Thuisland van de mensheid
Het ontcijferen van het menselijk genoom heeft wetenschappers in staat gesteld een verbazingwekkende conclusie te trekken. Het blijkt dat alle mensen verre familieleden zijn. We komen allemaal uit één kleine stam. De plaats waar de oude man leefde is in Afrika, iets ten zuiden van de Sahara.
Ons oudste voorouderlijk huis wordt beschouwd als de omgeving van de Olduvai-kloof. Het is de natuurlijke straling die voortkwam uit de fout die volgens wetenschappers de oorzaak is van het begin van de mutatie.

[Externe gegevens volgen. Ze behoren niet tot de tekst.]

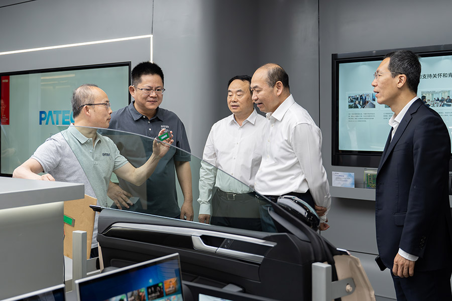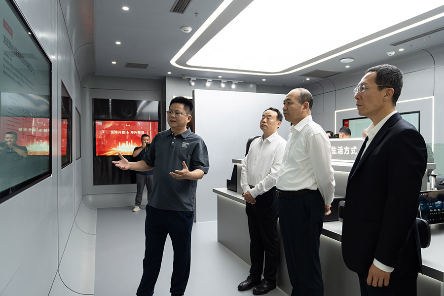 在博泰总部新落成的展厅,博泰创始人应宜伦向邱小平一行介绍了博泰的全球化布局、跨国经营、科技创新等概况。邱小平对博泰的发展战略、经营思路给予了高度认可。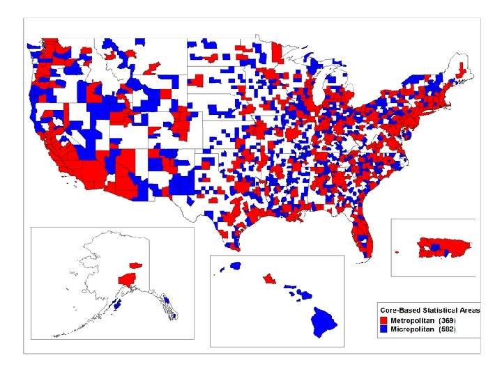 What is connected to what? 1. City 2. Urbanized Area 3. Metropolitan Area Ø A functional area Ø A continuously built up area Ø A legal entity q. Pop Density > 1000/sq mile) q. Area with at least 50, 000 and adjacent counties with density of 25 people/ sq mile and 50% work in central city.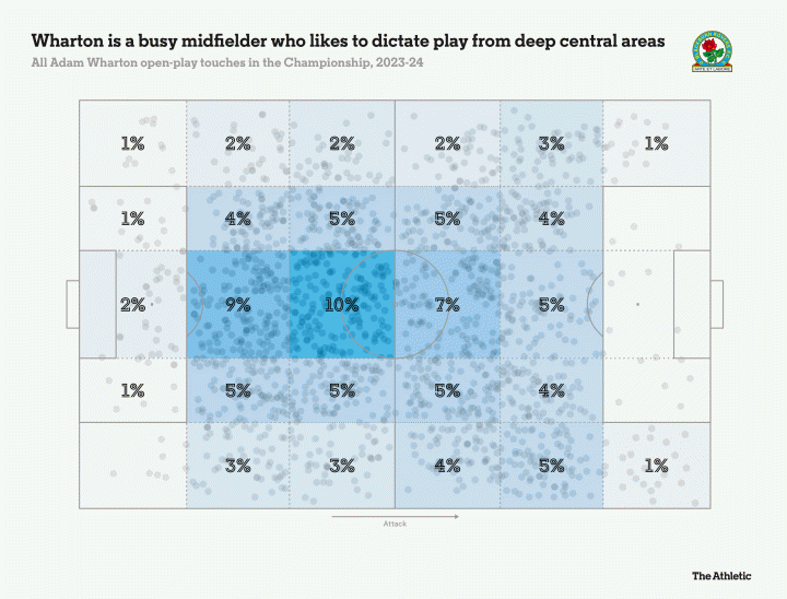 沃顿的踢球风格从他的采访中便可知一二,他在布莱克本时期曾接受采访说到:“比起进球和助攻,我可能更喜欢传渗透球直接找到10号位的球员,让他能轻松转身面对对方防线。”司职后腰的他理解该位置在现代足球中的战术地位,他表示在本方半场深度拿球时一定要保持冷静和勇敢,因为现在更多球队会为了造失误而高位逼抢,而后腰位置正是被逼抢压力最大的。这点我们可以从他在布莱克本的触球比例图看出,沃顿更喜欢在中后场深度接球组织。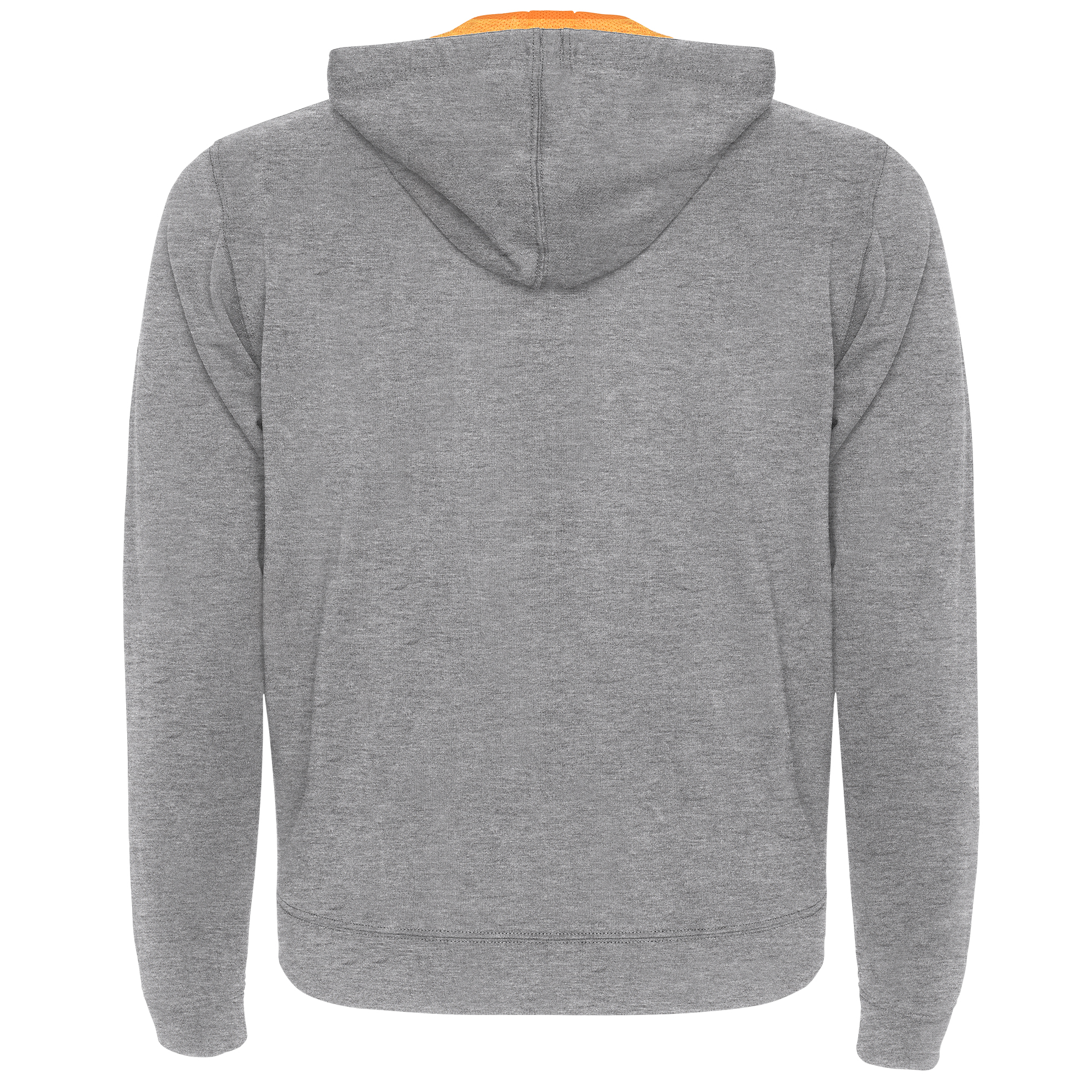 Hanorac cu fermoar în față și glugă din material nepieptănat. Glugă căptușită cu plasă de poliester. Bretele plate din poliester. Manșete și betelie cu nervuri 2×1 cu elastan. Cu bandă asortată întărită pentru acoperirea cusăturii. Opțiuni de culoare solide și contrastante.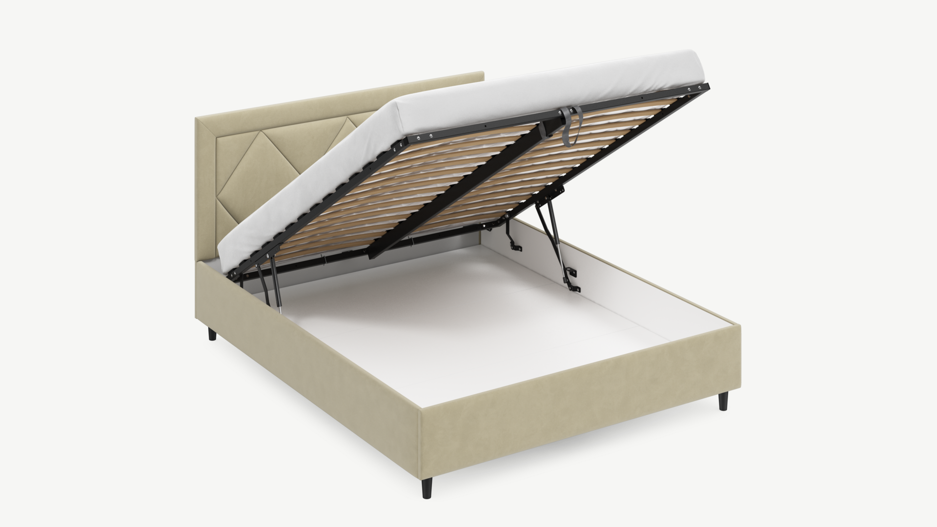 • Скрытая под основанием вместительная емкость без внутренних перегородок позволяет использовать всю площадь подкроватного пространства для хранения вещей.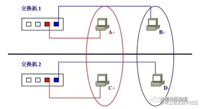 这时,如果在交换机上生成红、蓝两个VLAN;
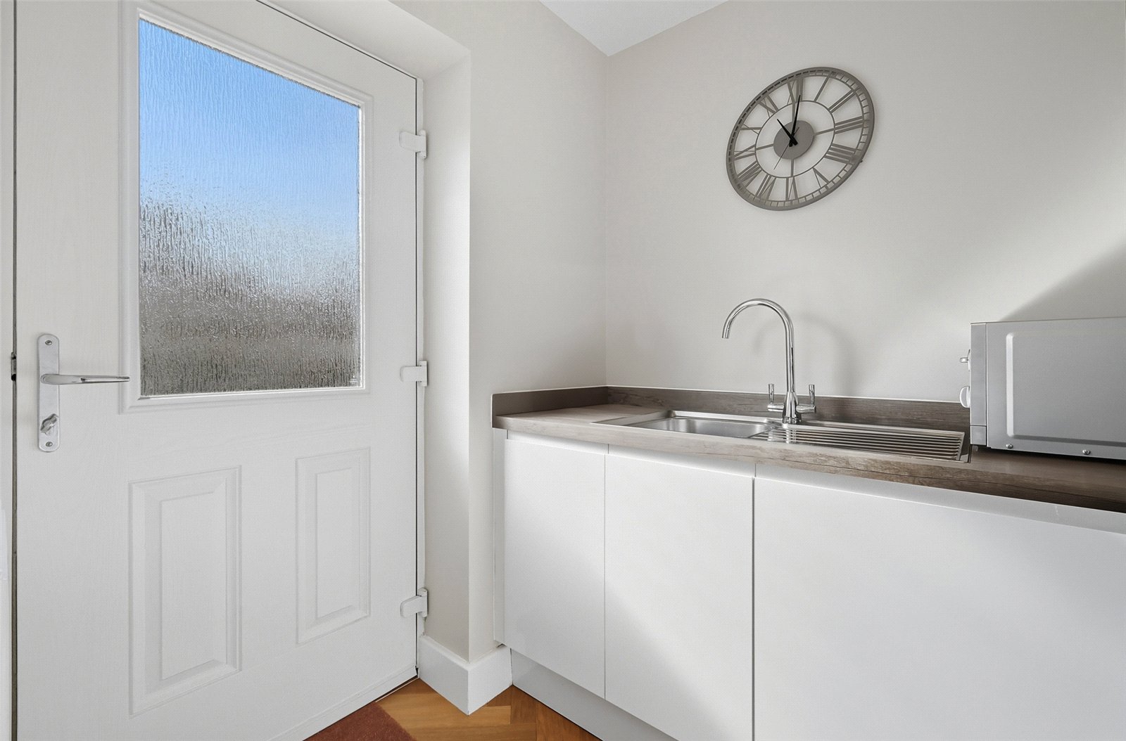 Obscure double glazed composite door gives access to the south facing rear garden. Radiator. Karndean herringbone oak flooring. Gloss fronted white base cabinets with oak effect squared edged working surfaces with upstands, and inset stainless steel sink unit with designer mixer tap. Integrated washer/dryer, and further storage space. Smooth plastered ceiling with extractor fan and recessed LED lighting.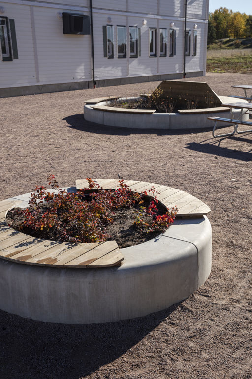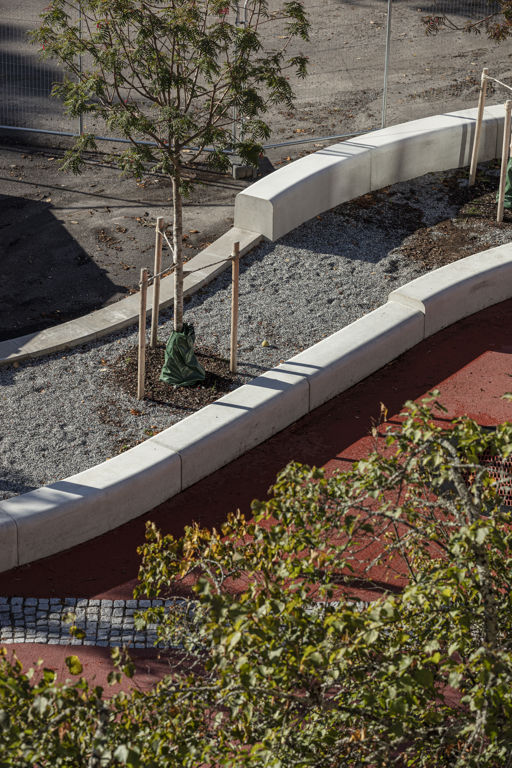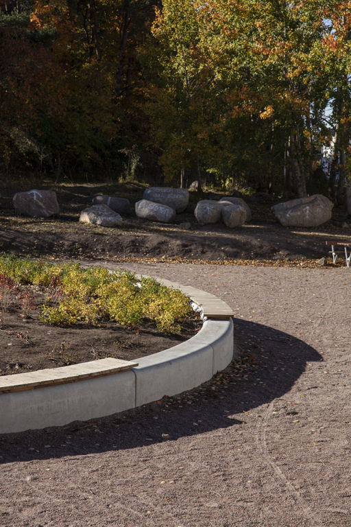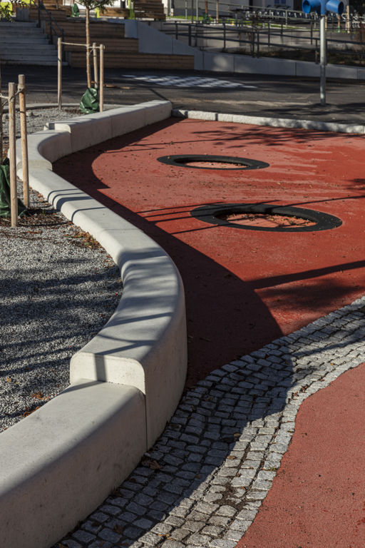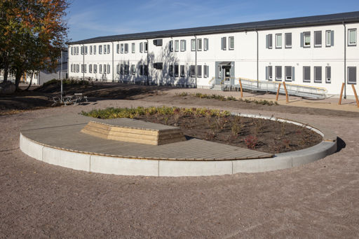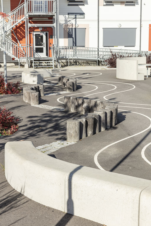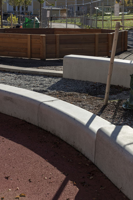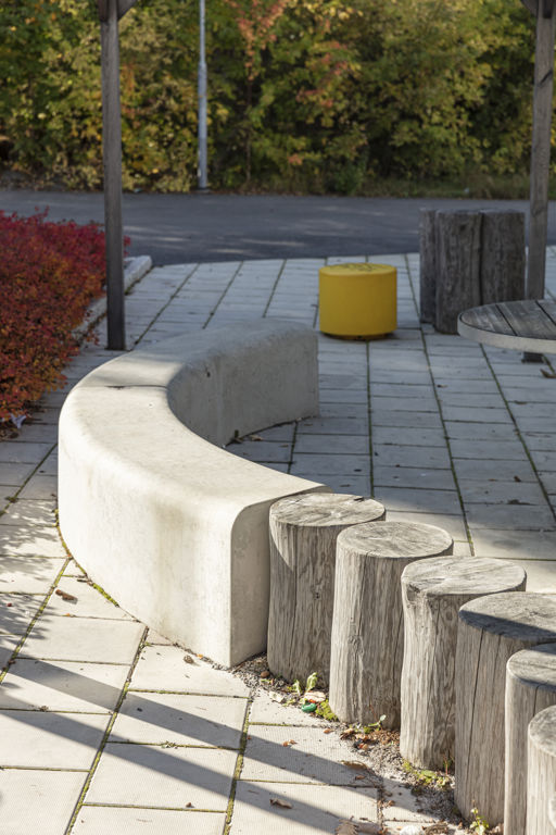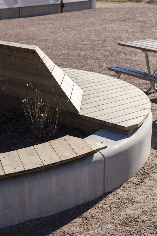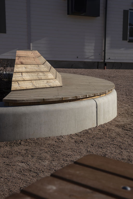 Sittmöbeln Outline har lekfulla linjer och stadiga former. Namnet passar väl in på detta välavvägda murelement som ofta ses användas på skolgårdar och i bostadsområden.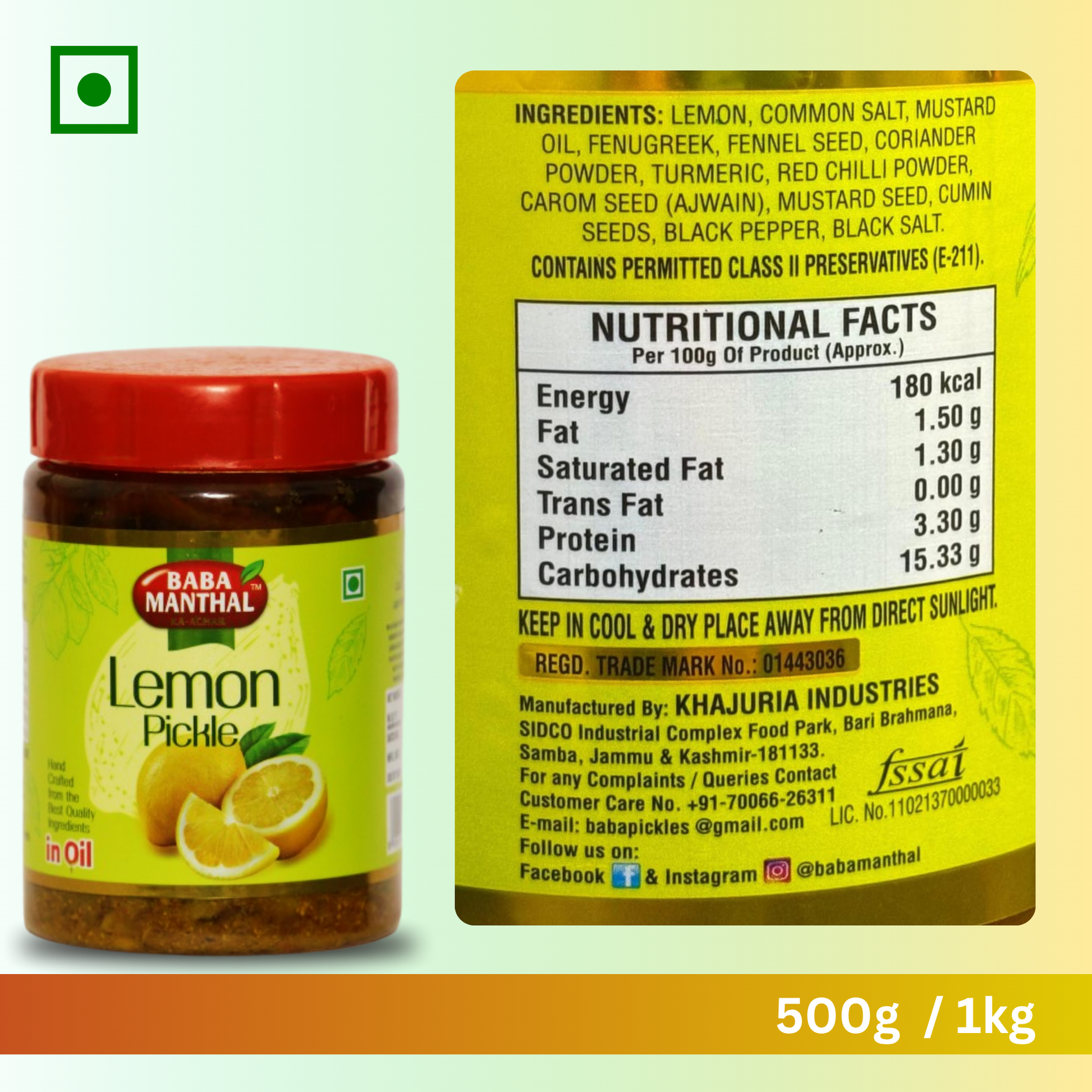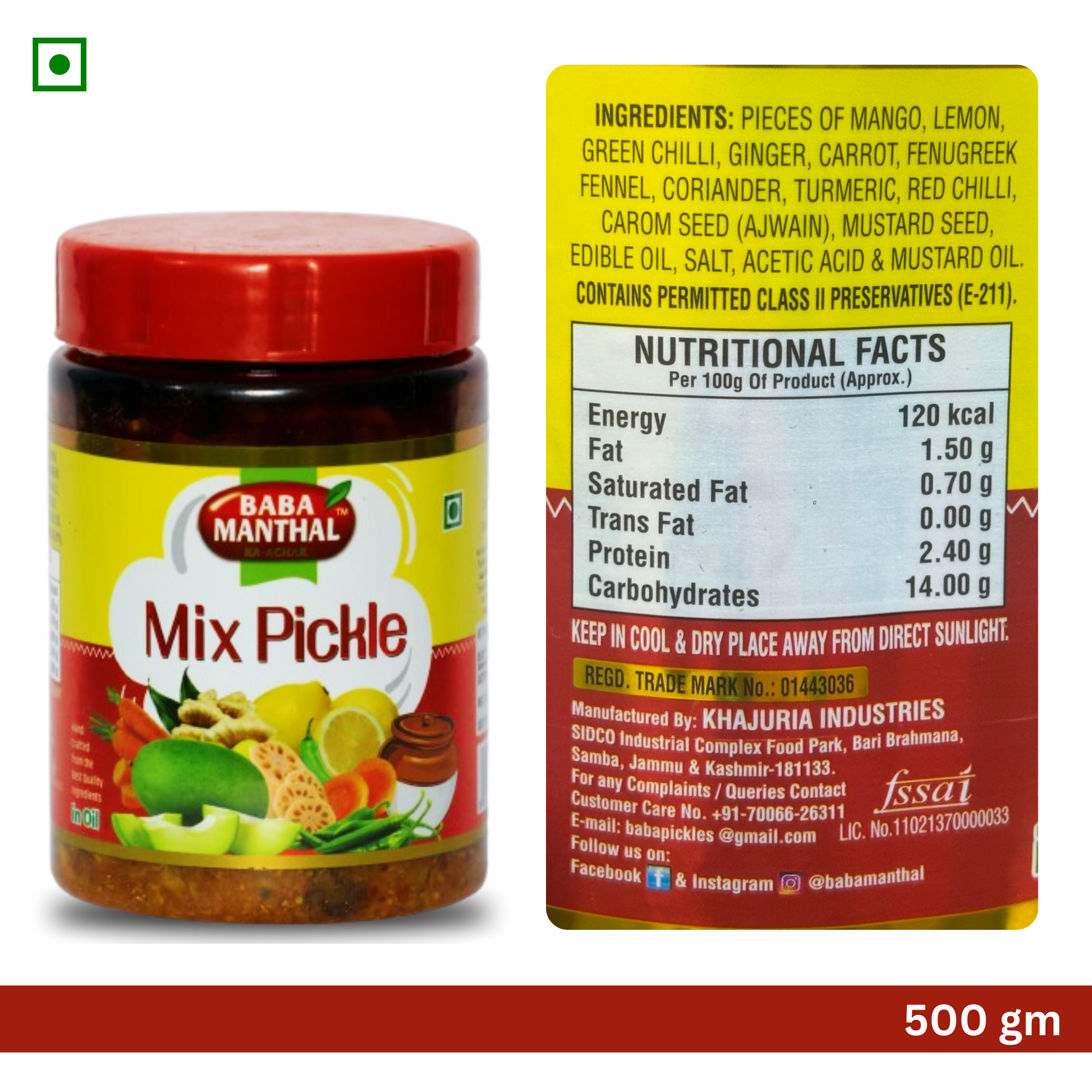 "Indulge in the rich and authentic flavors of India with our Baba Manthal Special Combo Pack of 3 Pickles. This exquisite trio features the tangy and subtly sweet notes of our traditional Mango Pickle, the zesty and refreshing burst of our homemade Lemon Pickle, and the delightful blend of diverse vegetables and spices in our Mixed Pickle. Crafted with care using time-honored recipes, each jar captures the essence of Indian culinary heritage, promising a delicious and flavorful journey for your taste buds."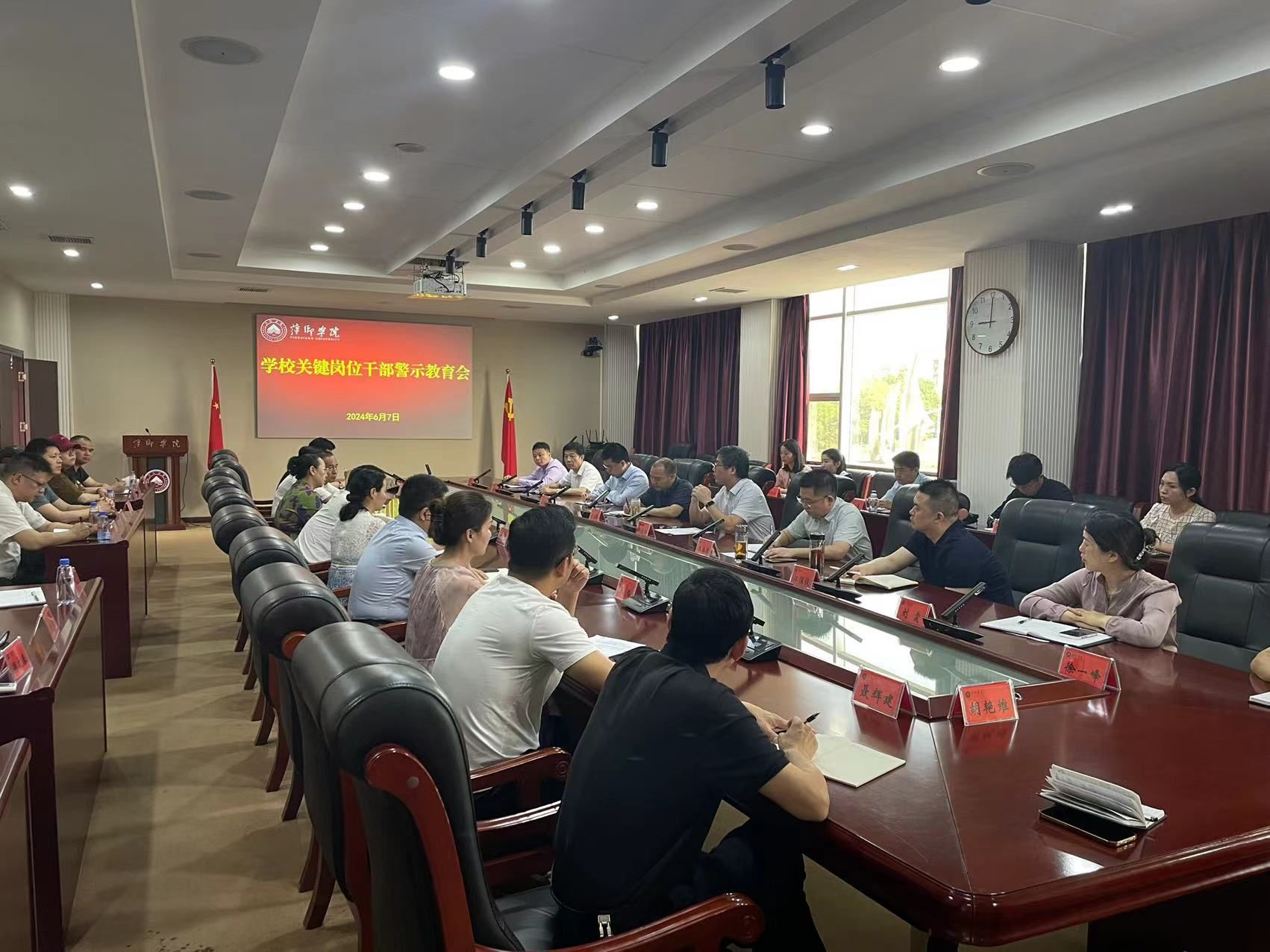 为进一步推进党纪学习教育走深走实,增强重点领域、关键岗位干部的纪律意识,提高防腐拒变能力,6月7日,学校召开关键岗位干部警示教育会,党委书记邱晓辉出席并讲话,会议由党委委员、组织部部长王林清主持。党政办、党委组织部、党委教师工作部(人事处)、招生就业处、计划财务处、后勤管理处、国有资产管理处、招标与采购中心、科发公司等部门科级以上干部40余人参加会议。

De oudste menselijke resten zijn 5 miljoen jaar oud. Als je de oorspronkelijke habitats kent, is het gemakkelijk om de landen te bepalen waar de oudste mensen leefden. Dit zijn Ethiopië, Tanzania, Kenia.
Een andere vuurplaats waar de oudste mensachtigen worden gevonden, is Tibet in de Himalaya. Hier is de ouderdom van de vondsten 3,5 miljoen jaar. Het belangrijkste gebied waar de oude man leefde was dus de continenten Afrika en Eurazië.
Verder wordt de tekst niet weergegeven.